*** GIVEN MATERIAL ***
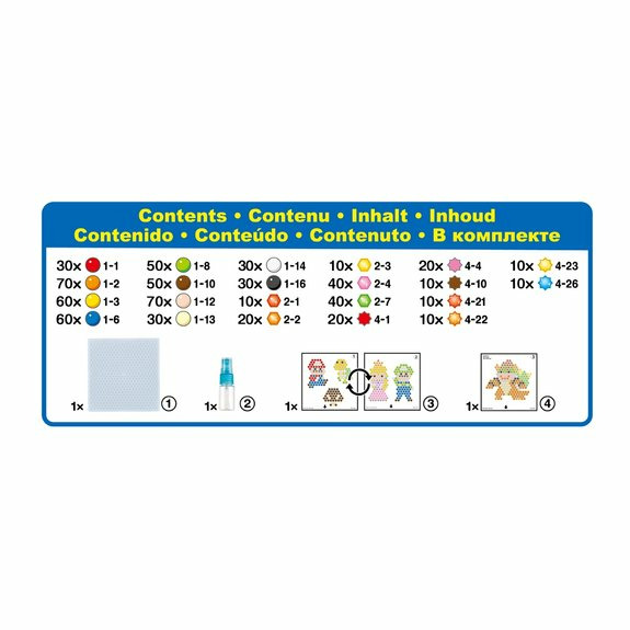 Le kit comprend un assortiment de perles colorées, un tapis de création, un vaporisateur d’eau et des modèles inspirés des personnages de Super Mario. Facile à utiliser, il convient aux enfants dès 4 ans et ne nécessite aucune source de chaleur.
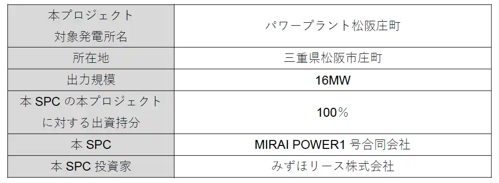本プロジェクトは、本SPCを通して出資参画した青森県上北郡六ヶ所村、茨城県高萩市安良川、三重県鳥羽市堅子町、三重県津市白山町、熊本県球磨郡錦町、三重県松阪市嬉野釜生田町、岩手県久慈市侍浜町、鹿児島県指宿市山川大山において稼働する8か所の特別高圧太陽光発電所に続く第六弾として、三重県松阪市庄町において稼働する1か所の特別高圧太陽光発電所(出力規模16MW)を対象としており、各発電所を合わせた出力規模は累計244MWとなります。 |
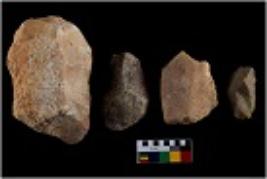 | Description / विवरण | Specimen of cores with visible weathered cortex and several broad fluted marks. Almost all are irregular in shape and size. |
***
Line for line, restate the data above and omit every picture.

## [WRITTEN SOLUTION]
 Le kit comprend un assortiment de perles colorées, un tapis de création, un vaporisateur d’eau et des modèles inspirés des personnages de Super Mario. Facile à utiliser, il convient aux enfants dès 4 ans et ne nécessite aucune source de chaleur.
本プロジェクトは、本SPCを通して出資参画した青森県上北郡六ヶ所村、茨城県高萩市安良川、三重県鳥羽市堅子町、三重県津市白山町、熊本県球磨郡錦町、三重県松阪市嬉野釜生田町、岩手県久慈市侍浜町、鹿児島県指宿市山川大山において稼働する8か所の特別高圧太陽光発電所に続く第六弾として、三重県松阪市庄町において稼働する1か所の特別高圧太陽光発電所(出力規模16MW)を対象としており、各発電所を合わせた出力規模は累計244MWとなります。 |
 | Description / विवरण | Specimen of cores with visible weathered cortex and several broad fluted marks. Almost all are irregular in shape and size. |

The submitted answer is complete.